*INFORMATION SUPPLIED*.
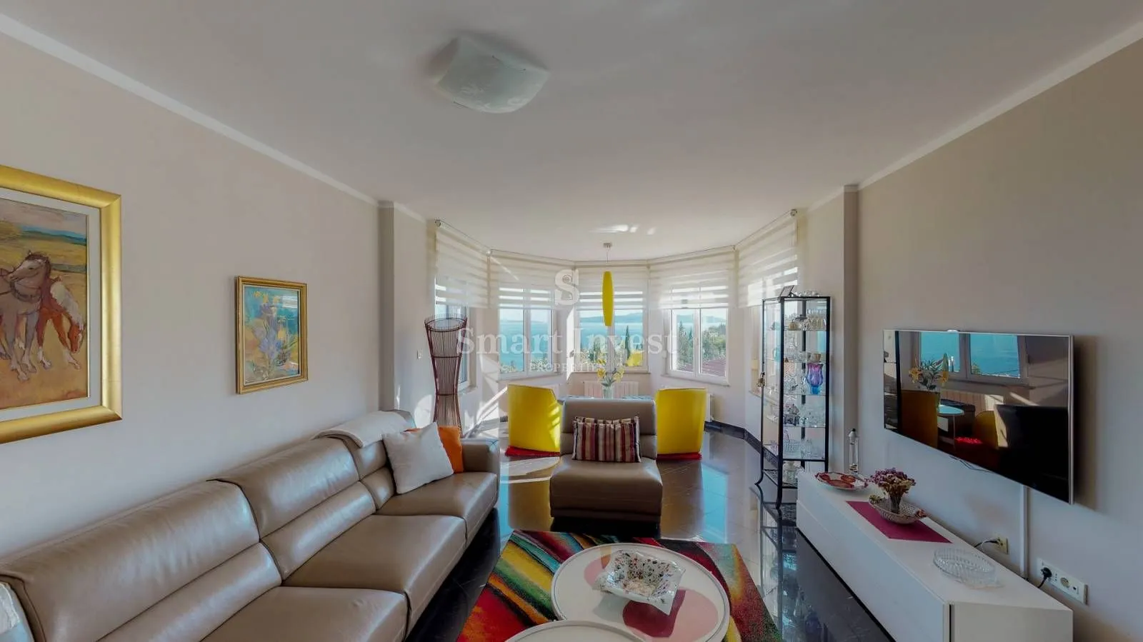 IČIĆI, 200 m od mora, iznajmljuje se prekrasno uređen stan! Stan površine 120 m2, smješten u prizemlju kuće, sastoji se od tri dvokrevetne sobe, dvije kupaonice, dnevnog boravka, hodnika, kuhinje, ostave, blagovaonice i hodnika. Dvije dvokrevetne sobe nalaze se u stražnjem dijelu stana i koriste zajedničku veliku kupaonicu. Treća soba se nalazi u prednjem dijelu stana sa zasebnom manjom kupaonicom i pogledom na more kao i zasebnom terasom na dva nivoa s garniturom za odmor i zaštitom od sunca. Veća kupaonica ima tuš kabinu s hidromasažnim stupom, WC školjku, bide, umivaonik i sušilo za kosu. Kuhinja je modernog dizajna i kompletno opremljena. U nastavku dnevnog boravka nalazi se ostakljeni dio namijenjen odmoru i uživanju uz čaj ili kavu uz prekrasan pogled na cijeli Kvarner, plažu i padine Učke. U sklopu dnevne sobe nalazi se kamin i veliki LCD TV. Kompletan apartman je potpuno novo opremljen s vrhunskim talijanskim dizajnerskim namještajem i opremom. Iz blagovaonice se izlazi na zaštićenu terasu (natkrivena konstrukcija s tendom) gdje je smješten okrugli stol sa 6 stolica za ugodan doručak ili večernji koktel. U ulaznom hodniku se nalazi cipelar i moderna vješalica. Apartman ima klima uređaj i centralno grijanje. Stan ima osigurano parkirno mjesto, a nalazi se na lijepoj i mirnoj lokaciji nedaleko mora, plaže, marine, dućana... Slobodno za najam od 01.10.2025. - 01.06.2026. Za više informacija nazovite +385/99/320-0011 ID KOD AGENCIJE: 11443 Danijela Urlić - PODRUČJE ISTRA Agent s licencom Mob: +385/(0)99/320-0011 E-mail: danijela.urlic@smart-invest.hr www.smart-invest.hr
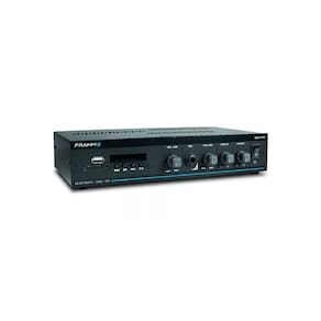O amplificador Slim 1800 G5 da Frahm possui 60 Watts RMS de potência e é ideal para pequenos ambientes. Com conexões para todos os formatos de áudio, sendo elas: USB, Micro SD, FM, Bluetooth 5.0, P2 e 1 entrada auxiliar via conector RCA que permitem conexão com qualquer emissor de áudio analógico, como: smartphones, computadores, televisores e outros.
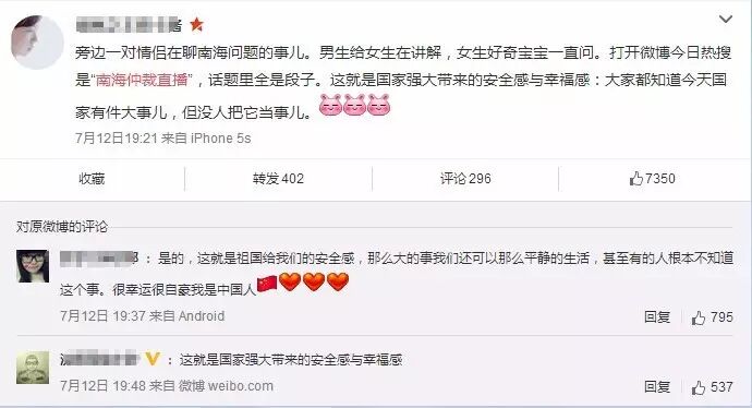 南海仲裁,虽说作为小小的国民的我们,帮不上啥大忙,但我们必须清楚的是,我们的祖国虽疆土辽阔,地大物博,但每一寸土地,和每一滴海水都是容不得外人以强权夺去的。忽然想到了我们哒台湾省,坚决抵制台独势力,台独艺人… 希望在有生之年可以看到祖国的统一…

*EXERCISE REQUIREMENTS*. Each line of the listing above belongs in the answer exactly as written; the pictures do not.

*RESULT*.
 IČIĆI, 200 m od mora, iznajmljuje se prekrasno uređen stan! Stan površine 120 m2, smješten u prizemlju kuće, sastoji se od tri dvokrevetne sobe, dvije kupaonice, dnevnog boravka, hodnika, kuhinje, ostave, blagovaonice i hodnika. Dvije dvokrevetne sobe nalaze se u stražnjem dijelu stana i koriste zajedničku veliku kupaonicu. Treća soba se nalazi u prednjem dijelu stana sa zasebnom manjom kupaonicom i pogledom na more kao i zasebnom terasom na dva nivoa s garniturom za odmor i zaštitom od sunca. Veća kupaonica ima tuš kabinu s hidromasažnim stupom, WC školjku, bide, umivaonik i sušilo za kosu. Kuhinja je modernog dizajna i kompletno opremljena. U nastavku dnevnog boravka nalazi se ostakljeni dio namijenjen odmoru i uživanju uz čaj ili kavu uz prekrasan pogled na cijeli Kvarner, plažu i padine Učke. U sklopu dnevne sobe nalazi se kamin i veliki LCD TV. Kompletan apartman je potpuno novo opremljen s vrhunskim talijanskim dizajnerskim namještajem i opremom. Iz blagovaonice se izlazi na zaštićenu terasu (natkrivena konstrukcija s tendom) gdje je smješten okrugli stol sa 6 stolica za ugodan doručak ili večernji koktel. U ulaznom hodniku se nalazi cipelar i moderna vješalica. Apartman ima klima uređaj i centralno grijanje. Stan ima osigurano parkirno mjesto, a nalazi se na lijepoj i mirnoj lokaciji nedaleko mora, plaže, marine, dućana... Slobodno za najam od 01.10.2025. - 01.06.2026. Za više informacija nazovite +385/99/320-0011 ID KOD AGENCIJE: 11443 Danijela Urlić - PODRUČJE ISTRA Agent s licencom Mob: +385/(0)99/320-0011 E-mail: danijela.urlic@smart-invest.hr www.smart-invest.hr
O amplificador Slim 1800 G5 da Frahm possui 60 Watts RMS de potência e é ideal para pequenos ambientes. Com conexões para todos os formatos de áudio, sendo elas: USB, Micro SD, FM, Bluetooth 5.0, P2 e 1 entrada auxiliar via conector RCA que permitem conexão com qualquer emissor de áudio analógico, como: smartphones, computadores, televisores e outros.
 南海仲裁,虽说作为小小的国民的我们,帮不上啥大忙,但我们必须清楚的是,我们的祖国虽疆土辽阔,地大物博,但每一寸土地,和每一滴海水都是容不得外人以强权夺去的。忽然想到了我们哒台湾省,坚决抵制台独势力,台独艺人… 希望在有生之年可以看到祖国的统一…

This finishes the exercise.